▸ **Brief**:
Transcribe, exactly and without pictures, the lines below from the line with "из мастики. |" to the line with "The date 1599", both ends included, and no others.

▸ **Task data**:
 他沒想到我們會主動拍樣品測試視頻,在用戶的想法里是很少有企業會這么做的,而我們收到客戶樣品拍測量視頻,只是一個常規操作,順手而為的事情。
==
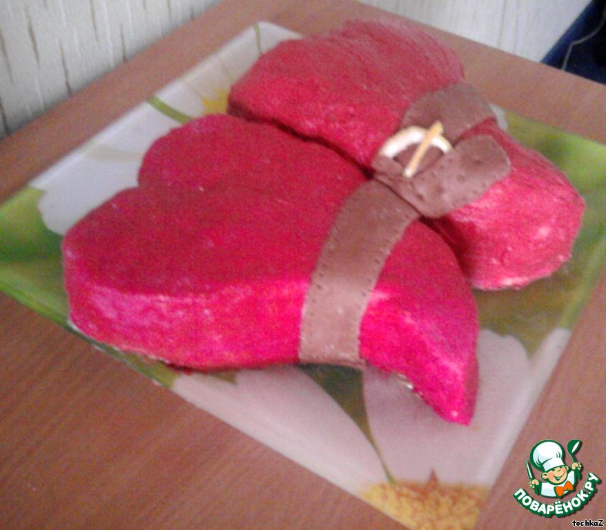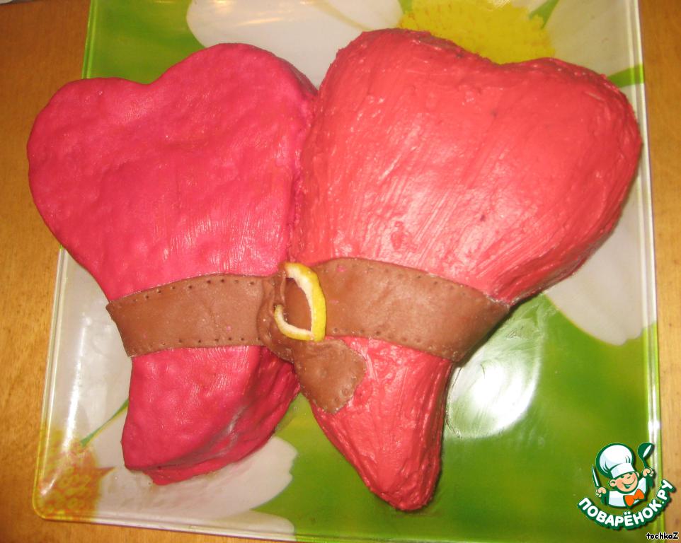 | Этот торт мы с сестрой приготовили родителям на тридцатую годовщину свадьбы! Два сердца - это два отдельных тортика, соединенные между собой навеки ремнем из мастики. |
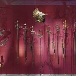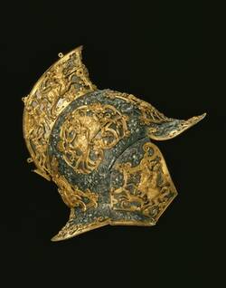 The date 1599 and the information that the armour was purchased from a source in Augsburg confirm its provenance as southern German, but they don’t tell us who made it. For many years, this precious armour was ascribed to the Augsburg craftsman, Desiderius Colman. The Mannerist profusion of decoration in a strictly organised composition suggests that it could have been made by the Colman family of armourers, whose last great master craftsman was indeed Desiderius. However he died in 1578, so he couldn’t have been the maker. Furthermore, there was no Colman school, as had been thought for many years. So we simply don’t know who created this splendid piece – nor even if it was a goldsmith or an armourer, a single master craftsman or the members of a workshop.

▸ **Answer for this exercise**:
 | Этот торт мы с сестрой приготовили родителям на тридцатую годовщину свадьбы! Два сердца - это два отдельных тортика, соединенные между собой навеки ремнем из мастики. |
 The date 1599 and the information that the armour was purchased from a source in Augsburg confirm its provenance as southern German, but they don’t tell us who made it. For many years, this precious armour was ascribed to the Augsburg craftsman, Desiderius Colman. The Mannerist profusion of decoration in a strictly organised composition suggests that it could have been made by the Colman family of armourers, whose last great master craftsman was indeed Desiderius. However he died in 1578, so he couldn’t have been the maker. Furthermore, there was no Colman school, as had been thought for many years. So we simply don’t know who created this splendid piece – nor even if it was a goldsmith or an armourer, a single master craftsman or the members of a workshop.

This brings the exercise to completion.